## Exercise input
"""

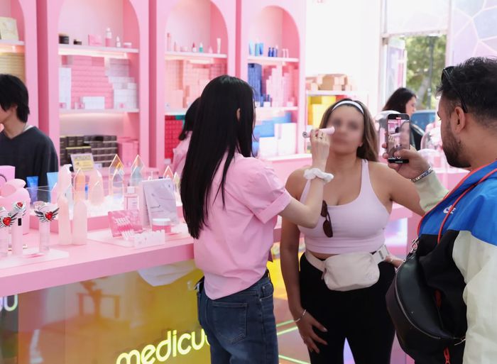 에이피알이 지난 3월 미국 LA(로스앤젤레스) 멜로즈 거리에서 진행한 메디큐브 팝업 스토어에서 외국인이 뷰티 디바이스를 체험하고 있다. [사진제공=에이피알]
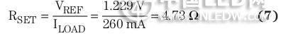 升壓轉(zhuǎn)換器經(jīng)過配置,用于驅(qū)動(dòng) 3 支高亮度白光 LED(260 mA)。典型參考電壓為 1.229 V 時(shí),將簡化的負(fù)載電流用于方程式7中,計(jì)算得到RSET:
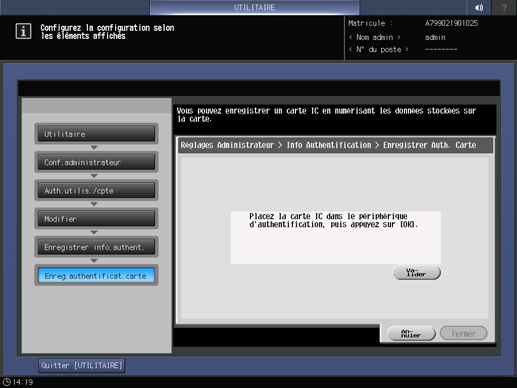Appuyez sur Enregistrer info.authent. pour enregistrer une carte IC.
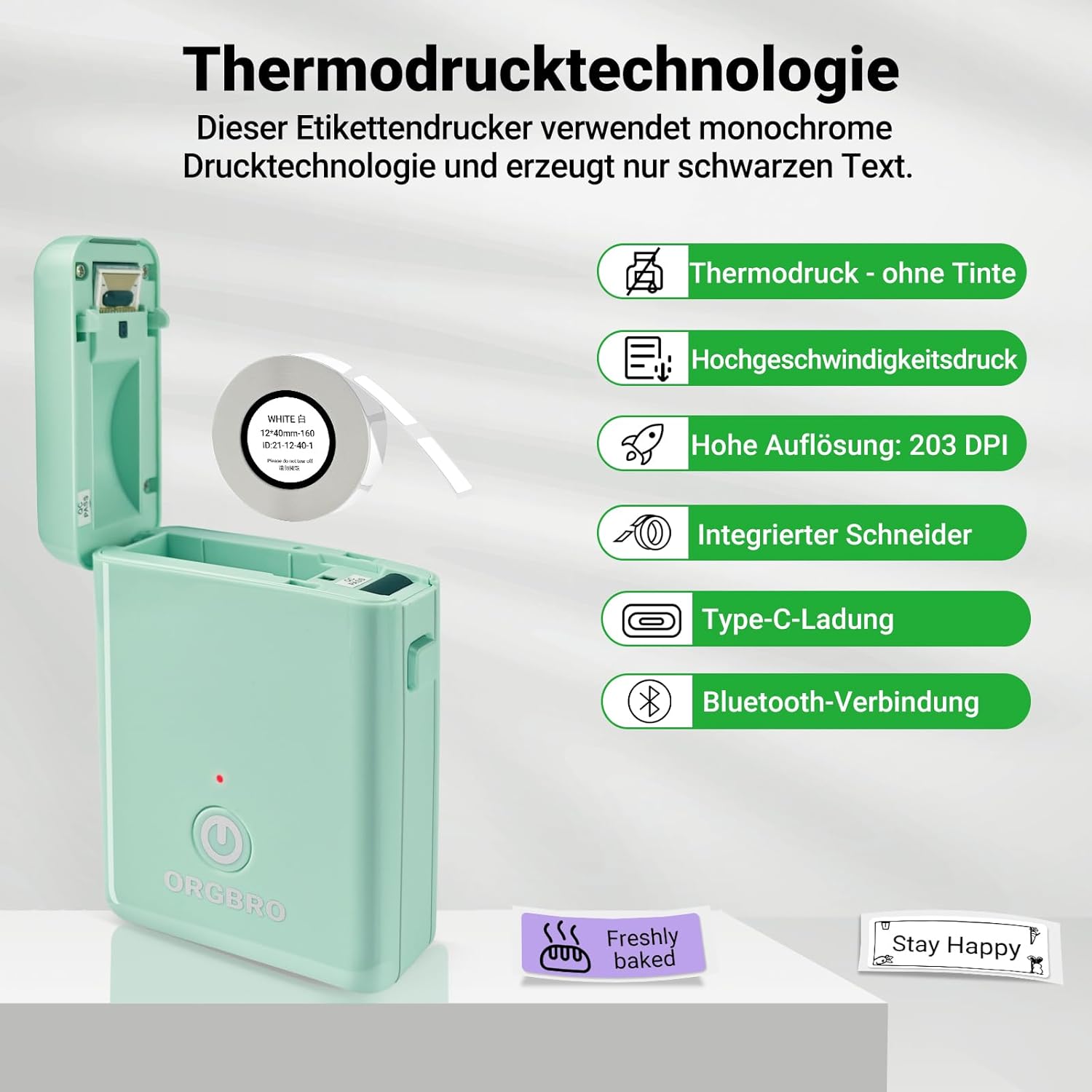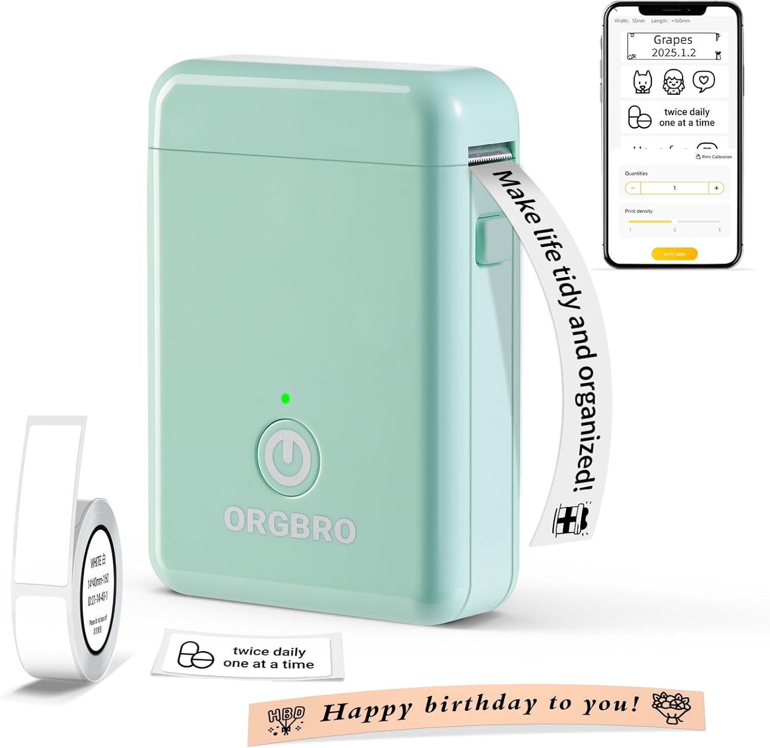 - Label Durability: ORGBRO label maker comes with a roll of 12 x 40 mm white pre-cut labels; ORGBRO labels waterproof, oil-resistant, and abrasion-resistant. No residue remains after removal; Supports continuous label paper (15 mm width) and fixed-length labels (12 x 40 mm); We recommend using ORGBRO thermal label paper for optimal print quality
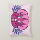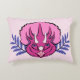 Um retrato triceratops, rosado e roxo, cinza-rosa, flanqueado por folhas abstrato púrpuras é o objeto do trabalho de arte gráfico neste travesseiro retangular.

"""

## What to do
Leave the pictures out. Otherwise, output the listing above exactly.

## Response to this task
 에이피알이 지난 3월 미국 LA(로스앤젤레스) 멜로즈 거리에서 진행한 메디큐브 팝업 스토어에서 외국인이 뷰티 디바이스를 체험하고 있다. [사진제공=에이피알]
 升壓轉(zhuǎn)換器經(jīng)過配置,用于驅(qū)動(dòng) 3 支高亮度白光 LED(260 mA)。典型參考電壓為 1.229 V 時(shí),將簡化的負(fù)載電流用于方程式7中,計(jì)算得到RSET:
Appuyez sur Enregistrer info.authent. pour enregistrer une carte IC.
 - Label Durability: ORGBRO label maker comes with a roll of 12 x 40 mm white pre-cut labels; ORGBRO labels waterproof, oil-resistant, and abrasion-resistant. No residue remains after removal; Supports continuous label paper (15 mm width) and fixed-length labels (12 x 40 mm); We recommend using ORGBRO thermal label paper for optimal print quality
 Um retrato triceratops, rosado e roxo, cinza-rosa, flanqueado por folhas abstrato púrpuras é o objeto do trabalho de arte gráfico neste travesseiro retangular.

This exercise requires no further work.